At this time, the diaphragm 6 of the ultrasonic generator 5 vibrates and ultrasonic waves are emitted into the solution 2. Due to this ultrasonic radiation, the bubbles are shaken and broken into small pieces. By dividing the bubbles, the surface area of the bubbles per unit volume increases, and as a result, the contact area between the gas phase and the liquid phase increases, and the extraction efficiency of the raw material gas improves, even if the solution 2 decreases. Gas completely saturated with raw material can be led off from the gas outlet pipe 4. In other words, whether or not the gas phase inside the bubbles is saturated with the vapor of solution 2 is determined by the contact time and contact area between the gas phase and the liquid phase. Increasing the contact area can compensate for the decrease in contact time.

[0013] As a result, the vapor in the bubbles becomes saturated even at a lower liquid level than before, and fluctuations in the derived gas concentration due to fluctuations in the liquid level of the solution 2 can be reduced, making stable bubbling possible for a long time. . In fact, when we measured the temporal change in extracted gas concentration, we obtained a graph like the one shown in Figure 2. In FIG. 2, ○ marks are data obtained with a bubbler equipped with the above-mentioned ultrasonic generator 5 according to the present invention, and ×
The mark is data obtained with a conventional bubbler without an ultrasonic generator. From Figure 2, it can be seen that in the conventional method, the solution 2 decreases over time, and as a result, the liquid level lowers and the contact time between the gas phase of the bubbles and the liquid phase becomes shorter, and the extracted gas concentration gradually decreases. On the other hand, by emitting ultrasonic waves to make the bubbles smaller, even if the solution 2 decreases, the liquid level drops, and the contact time between the gas phase and the liquid phase becomes shorter, the concentration of the extracted gas decreases less. It can be seen that it is possible to obtain a raw material gas with a stable concentration.

[0014] Therefore, by simply controlling the flow rate of the bubbling gas fed into the gas introduction pipe 3 using a gas flow rate controller (not shown), the supply amount of the raw material can be stabilized over a long period of time regardless of the decrease in the solution 2. .
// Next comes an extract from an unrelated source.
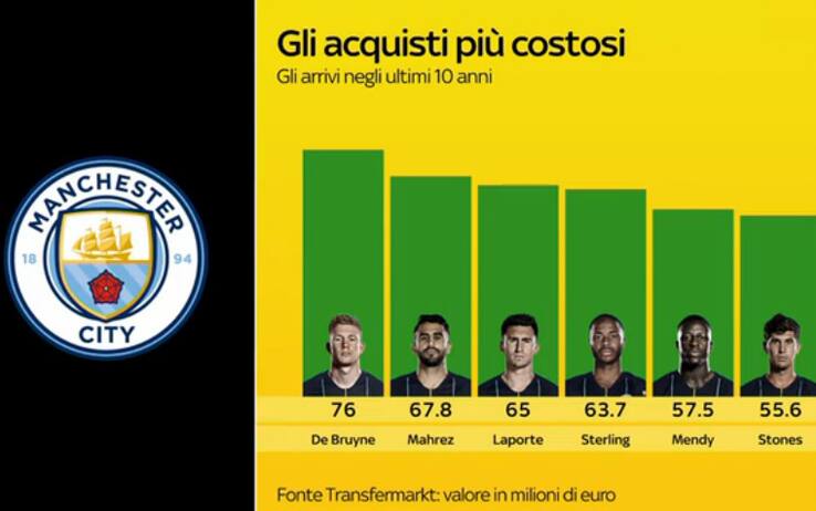 Campioni d'Inghilterra in carica e pretendenti alla Champions League, i Citizens di Guardiola vantano una rosa stellare costruita attraverso operazioni dai prezzi vertiginosi. Analizzando i valori condivisi da Transfermarkt, i 6 arrivi più onerosi dell'ultimo decennio superano a testa il tetto dei 55 milioni di euro

In the above embodiment, the diaphragm 6 of the ultrasonic generator 5 was placed in the solution 2, but since it is sufficient to emit ultrasonic waves into the solution 2, it is necessary to vibrate the wall surface of the closed container 1. You can also do this. Furthermore, although not mentioned in the description of the above embodiments, it is of course also possible to use a configuration in which the closed container 1 is housed in a constant temperature bath or the like and its temperature is controlled.

[0016]

[Effects of the Invention] As described above with respect to the embodiments,
According to the raw material supply device of the present invention, the bubbles of bubbling gas in the raw material liquid are pulverized by ultrasonic irradiation to increase the contact area between the gas phase and the liquid phase, thereby improving the extraction efficiency of the raw material gas. It is possible to prevent the extracted gas concentration from fluctuating due to a decrease in liquid, etc., and to stabilize the amount of raw material supplied over a long period of time.

[Brief explanation of the drawing]

FIG. 1 is a schematic cross-sectional view of a raw material supply device according to an embodiment of the present invention.
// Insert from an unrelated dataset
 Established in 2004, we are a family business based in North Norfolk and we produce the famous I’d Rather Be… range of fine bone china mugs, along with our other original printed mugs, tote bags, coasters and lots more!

FIG. 2 is a graph showing temporal changes in extracted gas concentration.

[Explanation of symbols]

Claims (1)

[Claims] 1. A closed container containing a raw material liquid, a pipe that introduces gas into the raw material liquid to generate bubbles, and an ultrasonic generator that emits ultrasonic waves into the raw material liquid in the sealed container. and a pipe for leading out the gas from the sealed container.